Prince Louis-Victor Pierre Raymond de Broglie
(1892-1987)
French physicist best known for his research on quantum theory and
for his discovery of the wave nature of electrons. He was awarded the
1929 Nobel Prize for Physics.
Early life.
Broglie was the second son of a member of the French nobility. From
the Broglie family, whose name is taken from a small town in Normandy,
have come high-ranking soldiers, politicians, and diplomats since the
17th century. In choosing science as a profession, Louis de Broglie
broke with family tradition, as had his brother Maurice (from whom,
after his death, Louis inherited the title of duc). Maurice, who was
also a physicist and made notable contributions to the experimental
study of the atomic nucleus, kept a well-equipped laboratory in the
family mansion in Paris. Louis occasionally joined his brother in his
work, but it was the purely conceptual side of physics that attracted
him. He described himself as "having much more the state of mind
of a pure theoretician than that of an experimenter or engineer, loving
especially the general and philosophical view. . . ." He was brought
into one of his few contacts with the technical aspects of physics during
World War I, when he saw army service in a radio station in the Eiffel
Tower.
Broglie's interest in what he called the "mysteries" of atomic
physics--namely, unsolved conceptual problems of the science--was aroused
when he learned from his brother about the work of the German physicists
Max Planck and Albert Einstein, but the decision to take up the profession
of physicist was long in coming. He began at 18 to study theoretical
physics at the Sorbonne, but he was also earning his degree in history
(1909), thus moving along the family path toward a career in the diplomatic
service. After a period of severe conflict, he declined the research
project in French history that he had been assigned and chose for his
doctoral thesis a subject in physics.
Theory of electron waves.
In this thesis (1924) Broglie developed his revolutionary theory of
electron waves, which he had published earlier in scientific journals.

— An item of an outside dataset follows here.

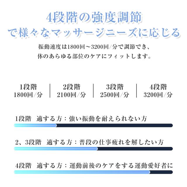 - 所有のマッサージガンが古くなったので買い換え、新品は静かで良い。しかし、4段階の切り替えなので最強でも他者の中位でイマイチかなぁ

(See de Broglie wave.) The notion that matter on the atomic scale might
have the properties of a wave was rooted in a proposal Einstein had
made 20 years before. Einstein had suggested that light of short wavelengths
might under some conditions be observed to behave as if it were composed
of particles, an idea that was confirmed in 1923. The dual nature of
light, however, was just beginning to gain scientific acceptance when
Broglie extended the idea of such a duality to matter. (See wave-particle
duality.)
Broglie's proposal answered a question that had been raised by calculations
of the motion of electrons within the atom. Experiments had indicated
that the electron must move around a nucleus and that, for reasons then
obscure, there are restrictions on its motion. Broglie's idea of an
electron with the properties of a wave offered an explanation of the
restricted motion. A wave confined within boundaries imposed by the
nuclear charge would be restricted in shape and, thus, in motion, for
any wave shape that did not fit within the atomic boundaries would interfere
with itself and be canceled out. In 1923, when Broglie put forward this
idea, there was no experimental evidence whatsoever that the electron,
the corpuscular properties of which were well established by experiment,
might under some conditions behave as if it were radiant energy. Broglie's
suggestion, his one major contribution to physics, thus constituted
a triumph of intuition.
The first publications of Broglie's idea of "matter waves"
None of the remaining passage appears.